Consider a randomized, controlled experiment in which measurements are made before and after treatment.

One way to analyze the data is by comparing the treatments with respect to their post-test measurements. [figure]

Even though subjects are assigned to treatment at random, there may be some concern that any difference in the post-test measurements might be due a failure in the randomization. Perhaps the groups differed in their pre-test measurements.* [figure]

One way around the problem is to compare the groups on differences between post-test and pretest, sometimes called change scores or gain scores. [figure] The test can be carried out in a number of equivalent ways:

• t-test of the differences;
• 2-group ANOVA of the differences,
• repeated measures analysis of variance.

However, there is another approach that could be used--analysis of covariance, in which

• the post-test measurement is the response,
• treatment is the design factor, and
• the pre-test is a covariate.
[figure] It is possible for the analysis of covariance to produce a significant treatment effect while the t-test based on differences does not, and vice-versa. The question, then, is which analysis to use.
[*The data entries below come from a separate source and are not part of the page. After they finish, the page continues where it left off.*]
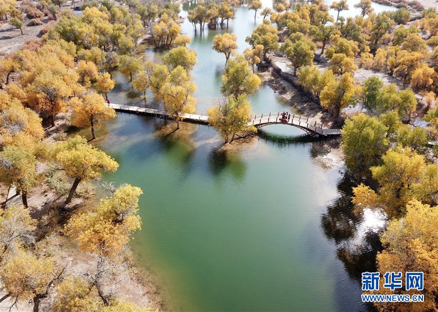 這是在內(nèi)蒙古自治區(qū)額濟(jì)納旗拍攝的胡楊林(10月16日無(wú)人機(jī)拍攝)。新華社記者丁洪法攝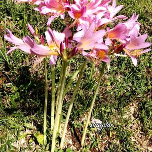 こんにちは☺️ ヒガンバナ科のリコリス見つけました💖 草叢にピンク色を見つけて 近づいてみれば、盛りを過ぎたリコリスが一本咲いていました😅 もう少し早く見つけたかった❣️ 台風の影響でしょうが、時々強い雨☔️ 時々強い陽射しの中で咲いています😊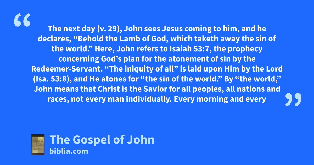 The next day (v. 29), John sees Jesus coming to him, and he declares, “Behold the Lamb of God, which taketh away the sin of the world.” Here, John refers to Isaiah 53:7, the prophecy concerning God’s plan for the atonement of sin by the Redeemer-Servant. “The iniquity of all” is laid upon Him by the Lord (Isa. 53:8), and He atones for “the sin of the world.” By “the world,” John means that Christ is the Savior for all peoples, all nations and races, not every man individually. Every morning and every
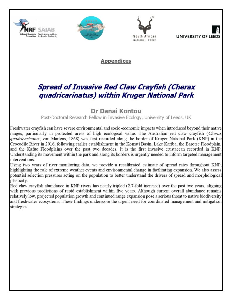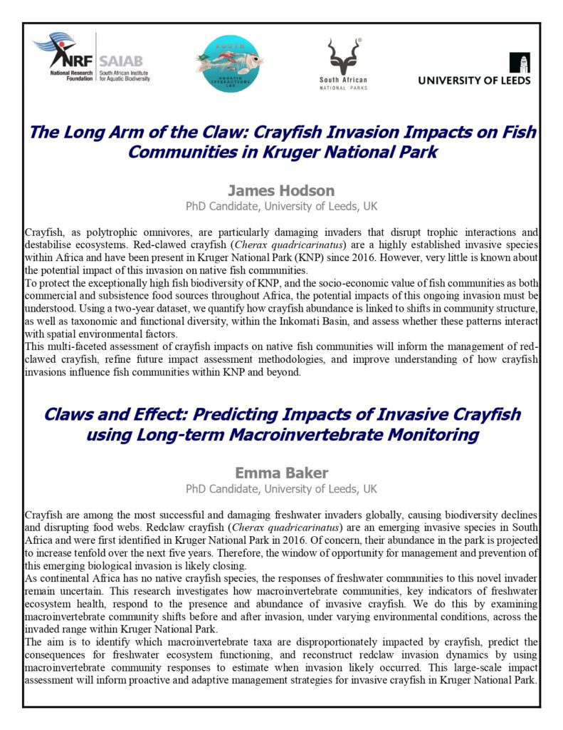 Redclaw crayfish (Cherax quadricarinatus), first recorded in Kruger National Park in 2016, are rapidly expanding invasive freshwater species with serious ecological consequences. This seminar series explores the invasion from multiple perspectives: Dr Danai Kontou examines spread rates and population dynamics; James Hodson investigates how crayfish alternative fish communities and biodiversity; and Emma Baker uses long-term macroinvertebrate monitoring to predict ecosystem-level impacts and identify vulnerable taxa. Together, these talks provide a comprehensive view of how redclaw crayfish are reshaping freshwater ecosystems in Kruger National Park and inform strategies for proactive, adaptive management.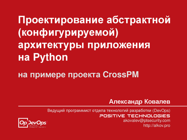 Видео: http://www.moscowpython.ru/meetup/43/proektirovanie-abstraktnoj-konfiguriruemoj-arhitek/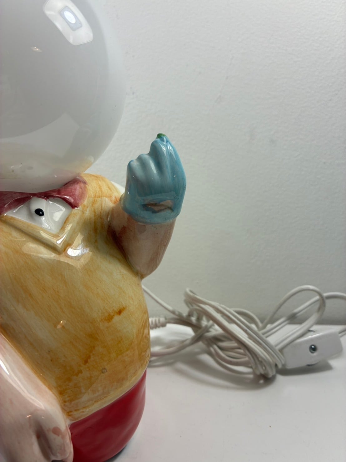 1980年代日本製のスペースエイジ・キャラクターランプ。胴体は陶器で造形され、頭部には大きなガラスグローブが光源としてセットされるユーモア性のあるアイテム。光を放つ姿は未来的でありながらどこか愛嬌も感じさせます。レトロフューチャーな雰囲気を空間に添える、80’sらしい遊び心あふれる一点。

The problem was first stated by Lord (1967: Psych. Bull., 68, 304-305) in terms of a dietician who measures students' weight at the start and end of the school year to determine sex differences in the effects of the diet provided in the university's dining halls. The data are brought to two statisticians. The first, analyzing the differences (weight changes), claims there is no difference in weight gain between men and women. The second, using analysis of covariance, finds a difference in weight gain. Lord's conclusion was far from optimistic:

[W]ith the data usually available for such studies, there is simply no logical or statistical procedure that can be counted on to make proper allowances for uncontrolled pre-existing differences between groups. The researcher wants to know how the groups would have compared if there had been no pre-existing uncontrolled differences. The usual research study of this type is attempting to answer a question that simply cannot be answered in any rigorous way on the basis of available data.
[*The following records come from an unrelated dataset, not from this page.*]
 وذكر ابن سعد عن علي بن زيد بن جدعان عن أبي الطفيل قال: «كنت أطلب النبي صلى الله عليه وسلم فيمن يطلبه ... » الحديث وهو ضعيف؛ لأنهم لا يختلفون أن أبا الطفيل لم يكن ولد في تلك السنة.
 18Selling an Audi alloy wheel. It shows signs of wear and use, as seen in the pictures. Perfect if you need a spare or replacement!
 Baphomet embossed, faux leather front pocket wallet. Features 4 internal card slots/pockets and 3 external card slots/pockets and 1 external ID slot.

Lord was wrong. His confusion is evident in the phrase, "controlling for pre-existing conditions." The two procedures, t-test and ANCOVA, test different hypotheses! For Lord's problem,

• the t test answers the question, "Is there a difference in the mean weight change for boys and girls?"
• ANCOVA answers the question, "Are boys and girls of the same initial weight expected to have the same final weight?" or, in Lord's words, "If one selects on the basis of initial weight a subgroup of boys and a subgroup of girls having identical frequency distribution of initial weight, the relative position of the regression lines shows that the subgroup of boys is going to gain substantially more during the year than the subgroup of girls."
Despite how proper and reasonable the ANCOVA question seems, it is NOT what the dietician really wanted to know. The reason it's wrong is that when looking at boys and girls of the same weight, one is looking at a relatively light boy and a relatively heavy girl. Even if the school cafeteria had no effect on weight, regression to the mean would have those heavy girls end up weighing less on average and those light boys end up weighing more, even though mean weight in each group would be unchanged.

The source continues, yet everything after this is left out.